SSBA involves much more complex equipment than scuba to provide safety for deeper occupational diving operations. Compressed air may be supplied from large cylinders filled before the dive or from a low-pressure compressor that runs throughout the dive. The air passes through a diver’s control panel and then via an umbilical hose to the diver’s helmet or demand mask. When a low-pressure compressor is used, a large-volume storage vessel and/or high-pressure cylinders may be incorporated into the system as a back-up. ‘Hookah’ is a colloquial term sometimes used to refer to minimalist versions of SSBA in which a simple low-pressure compressor supplies a mouth-held regulator via a floating hose. Hookah is commonly used in the seafood harvesting sector and by some recreational divers.

There is a larger variety of compressor types in use for SSBA and hookah diving, with currently used options including reciprocating piston and rotary screw-type compressors. Low pressure air compressors are either lubricated and sealed with oil, or of an oil-free “dry” design and there are advantages and disadvantages to each of the multiple available configurations.
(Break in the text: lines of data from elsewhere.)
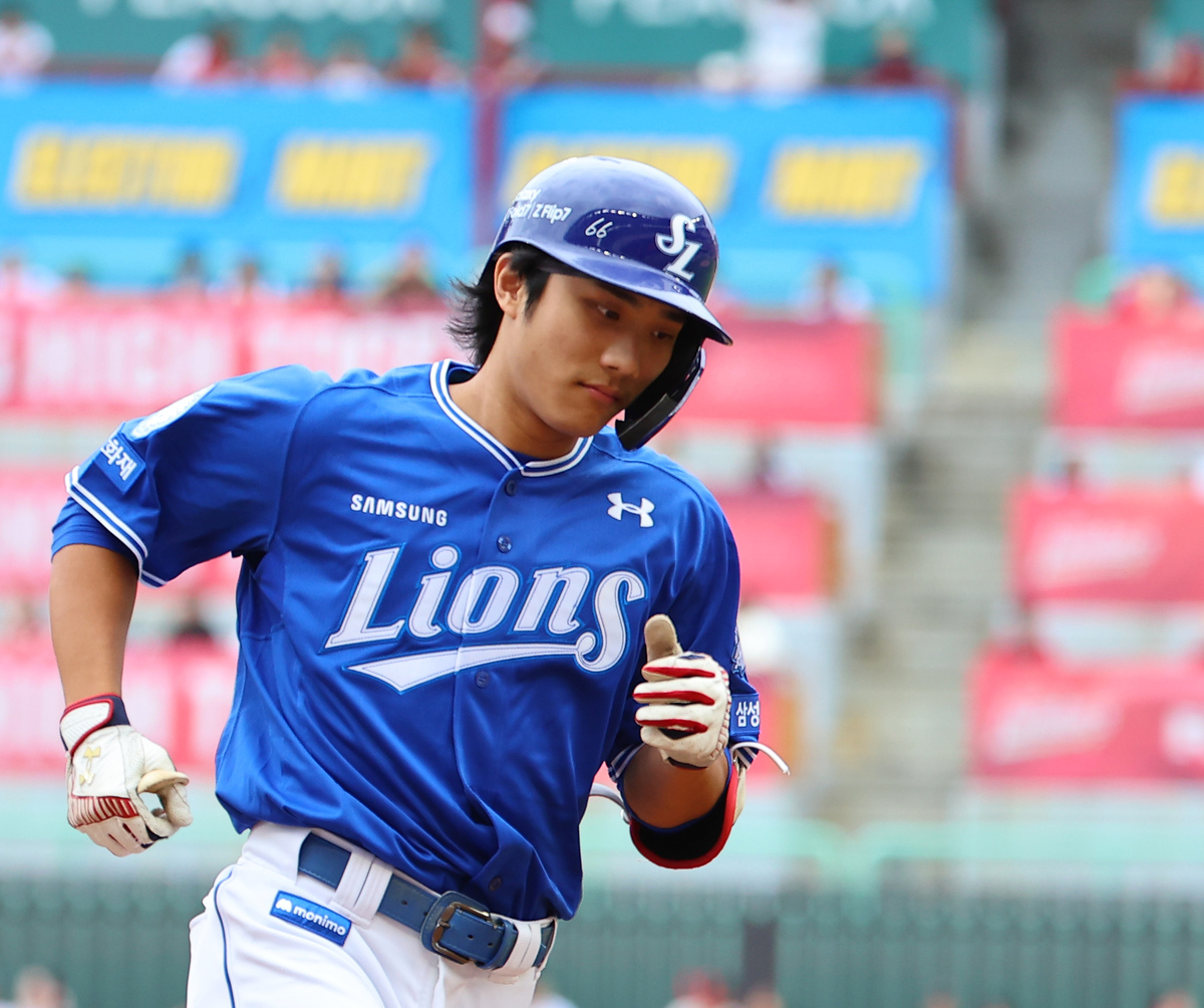 3회초 무사 1루 삼성 김영웅이 우월 투런 홈런을 치고 그라운드를 돌고 있다. 연합뉴스
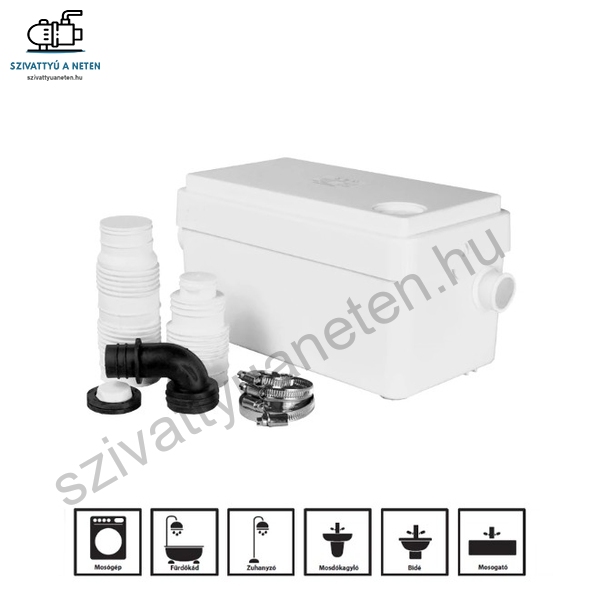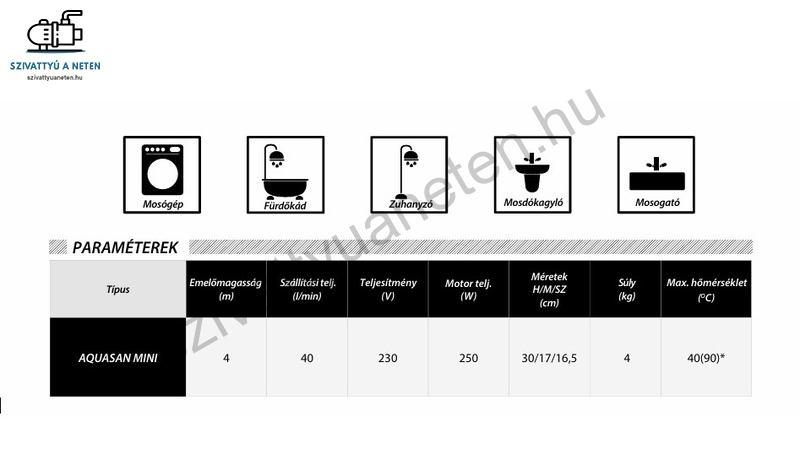 Az IBO AQUASAN MINI átemelő szivattyú telep elsősorban fürdőszobához, konyhához használatos berendezés. Különösen alagsorban, szuterén helyiségekben. A szivattyú hasonló felépítésű, mint a Sanibo mini szivattyúállomás, a kapcsolónak köszönhetően egy teljesen automatikus eszköz, amelyet a fürdőszobákban arra használnak, hogy a mosdóból, zuhanykabinból vagy a konyhába felszerelt mosógépekből vagy mosógatógépből történő víz elvezetését biztosítsa. Ideális fürdőszobákhoz, ahol a mosogató vagy zuhanytálca a szennyvízszivattyún kívül vagy az épületből származó szennyvízcsatorna alatt helyezkedik el. A szivattyú telep csatlakozhat többek között fürdőkád, zuhanyozófülke, mosógép, mosdókagyló, mosogató medence stb. A készülék kicsi mérete és a csendes működése lehetővé teszi a szivattyú diszkrét működését és így például a mosogató alatti szekrénybe is elhelyezhető.
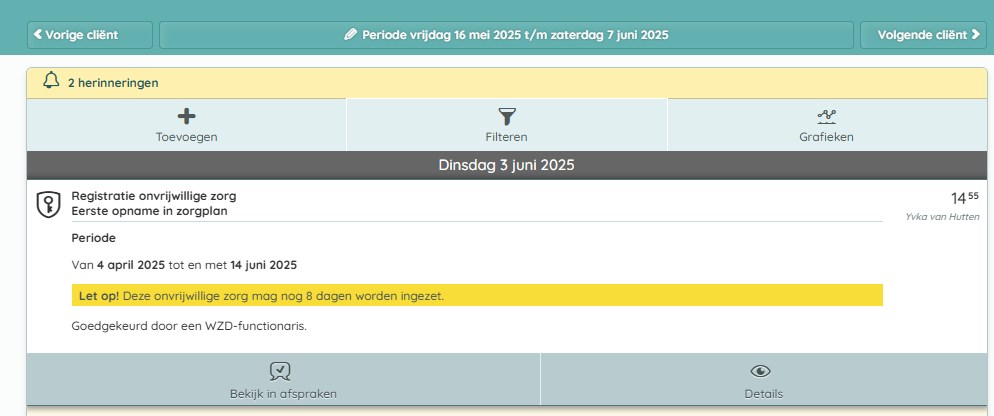 Details inzien van de rapportage onvrijwillige zorg

Because the compressor is running at the dive site and is usually powered by a diesel or petrol internal combustion engine, there is probably a greater risk of unexpected intake of contaminants compared with a properly installed high-pressure compressor at a fixed location. The quality of compressors used in practice varies dramatically, from well-filtered and well-monitored systems to inexpensive compressors designed for workshop compressed air and sometimes equipped with only makeshift filtration.